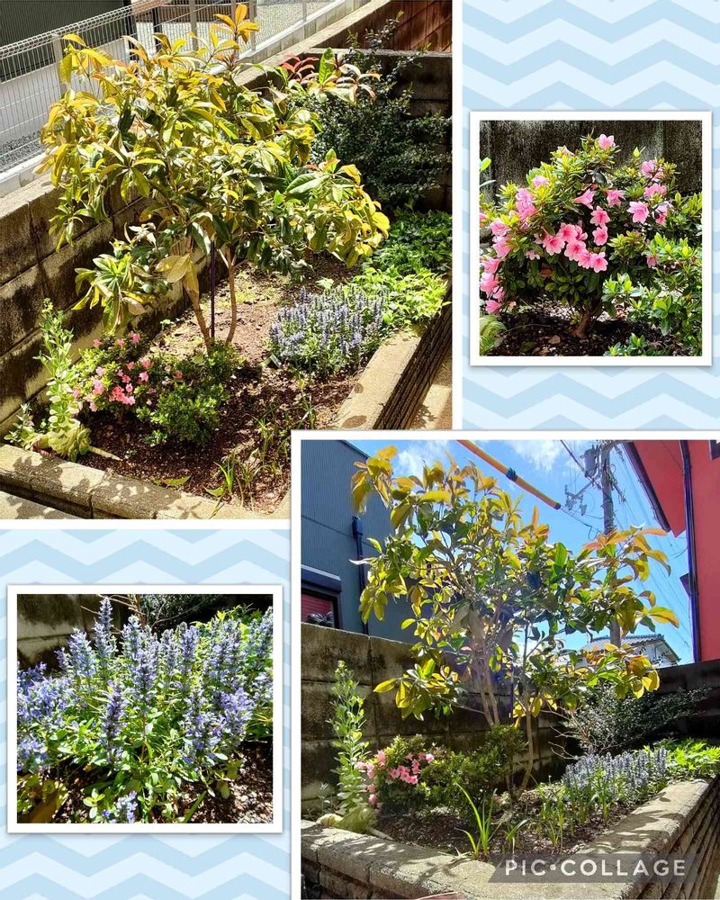 キンモクセイの木陰で、アジュガと久留米ツツジの花が咲いてます🌸✨
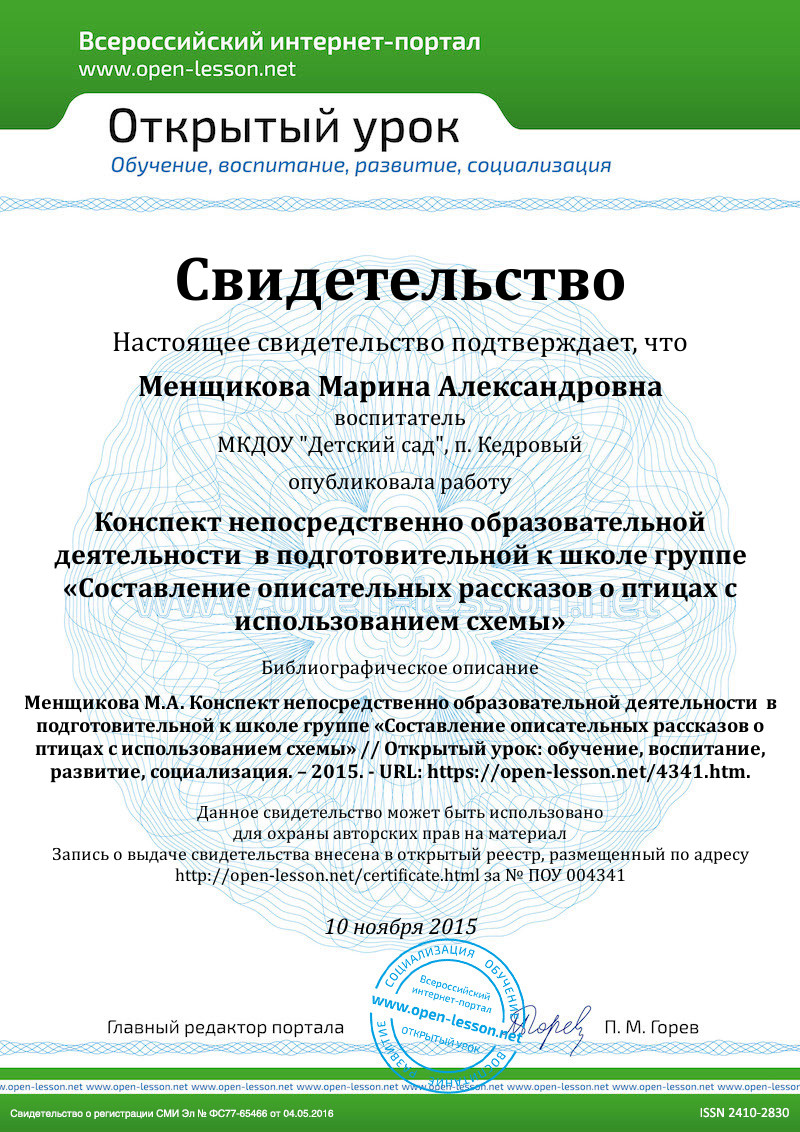 Цель:Учить детей составлять описательные рассказы о птицах.
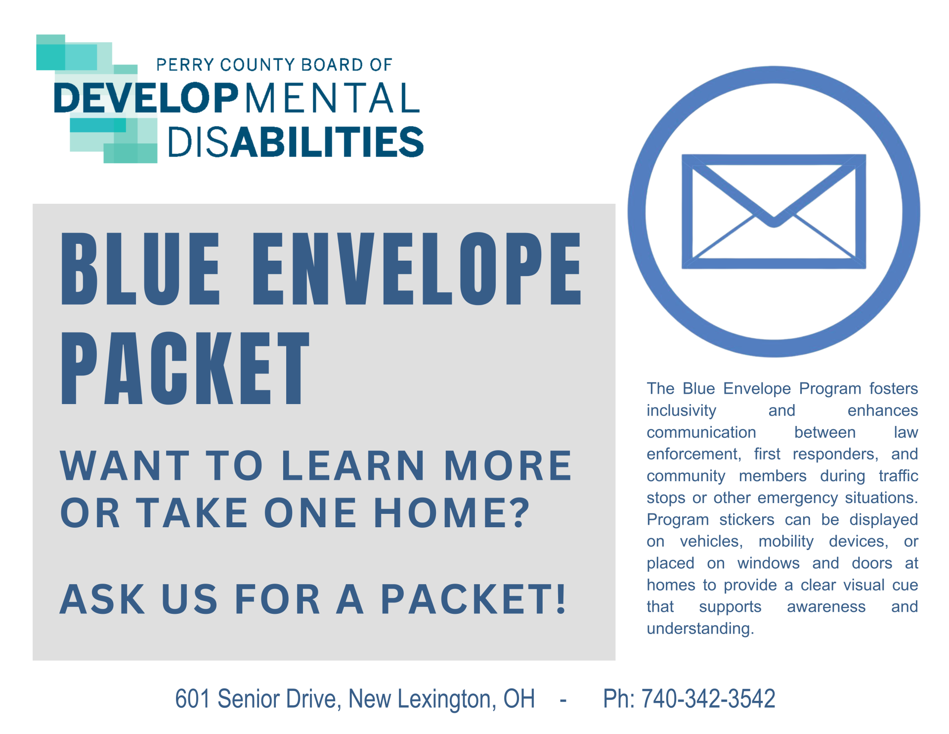 Ohio’s Blue Envelope Program works as a communication tool to assist drivers with developmental disabilities during interactions with police, firefighters, EMS and other emergency situations. This program is especially helpful for individuals with Autism, anxiety or other conditions that might require accommodations or awareness during a law enforcement interaction.
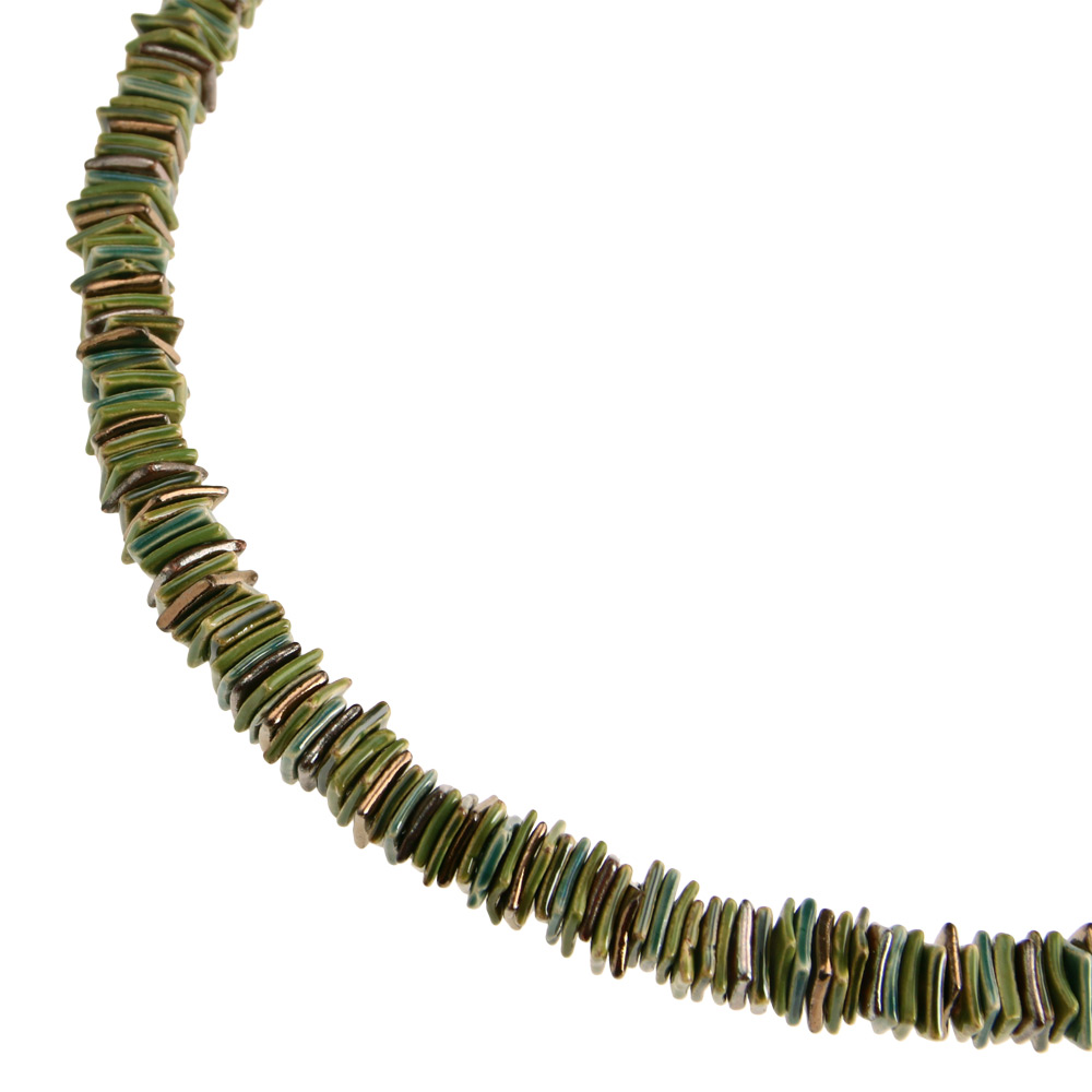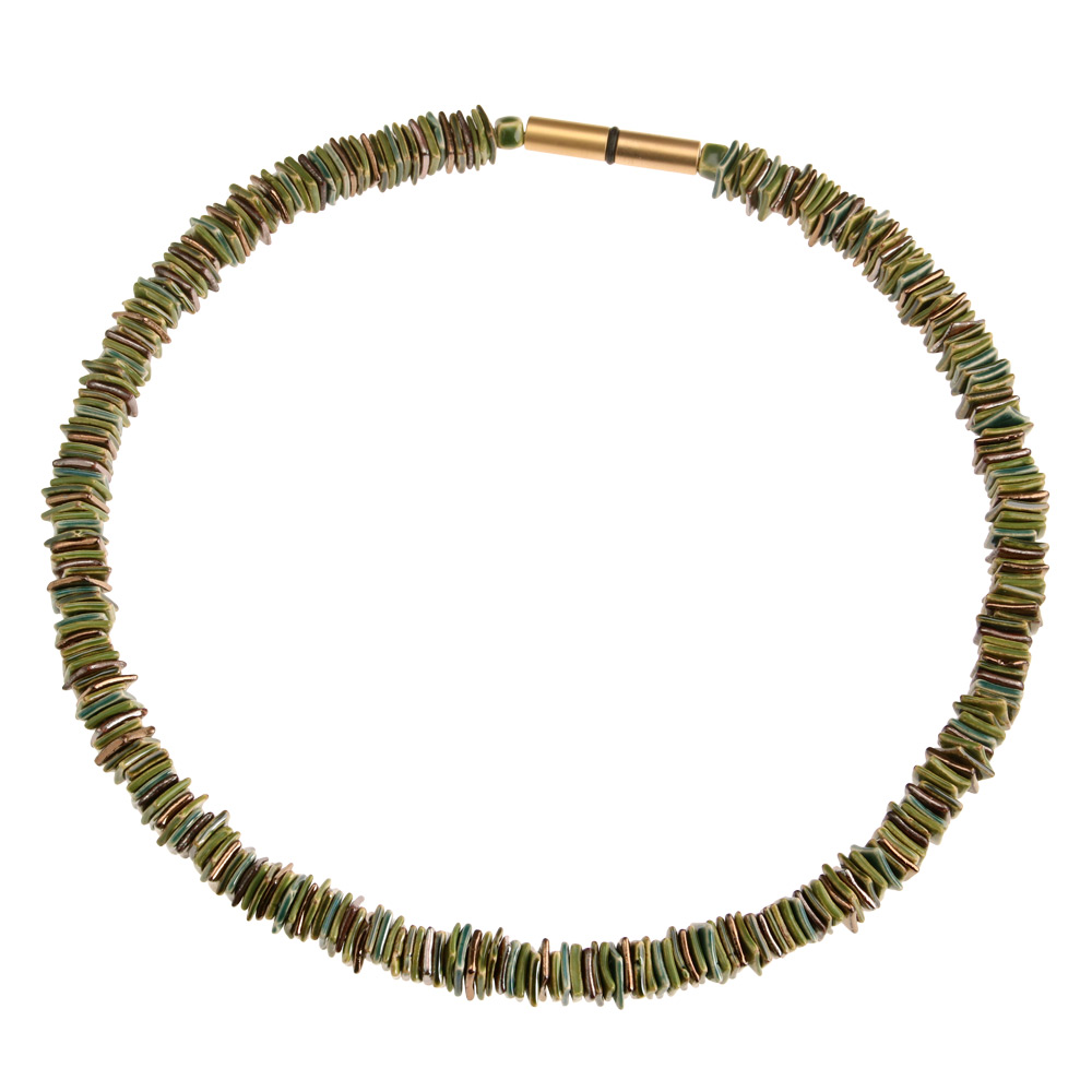 Halskette mit handgefertigten Keramikplättchen, der Verschluss ist aus Edelstahl, z.T. PVD beschichtet
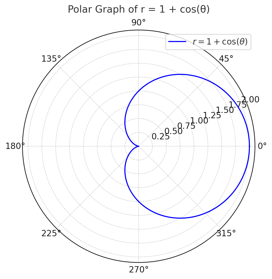 An example of a polar function is the cardioid: r = 1 + cos(θ).
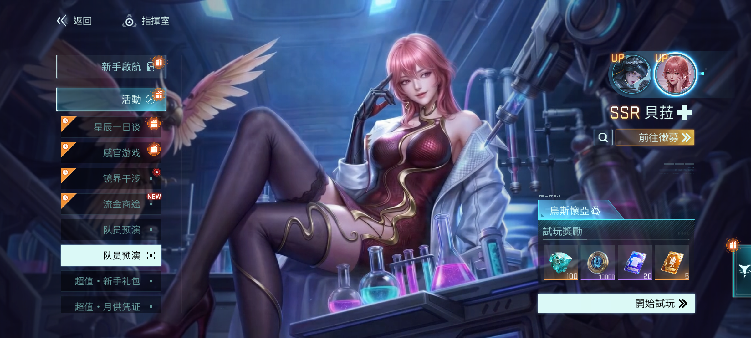 活動說明:活動期間,前往「黑盾徵募- 限時定向徵募」,徵募到SSR隊員時,必定獲得「貝菈」、「塔尼婭」兩個UP隊員其中之一。

### [Assignment]
Using the material above, reproduce only the lines that run from the line with "Цель:Учить детей составлять" up to and including the line with "Halskette mit handgefertigten", exactly, with the pictures dropped.

### [Written answer]
 Цель:Учить детей составлять описательные рассказы о птицах.
 Ohio’s Blue Envelope Program works as a communication tool to assist drivers with developmental disabilities during interactions with police, firefighters, EMS and other emergency situations. This program is especially helpful for individuals with Autism, anxiety or other conditions that might require accommodations or awareness during a law enforcement interaction.
 Halskette mit handgefertigten Keramikplättchen, der Verschluss ist aus Edelstahl, z.T. PVD beschichtet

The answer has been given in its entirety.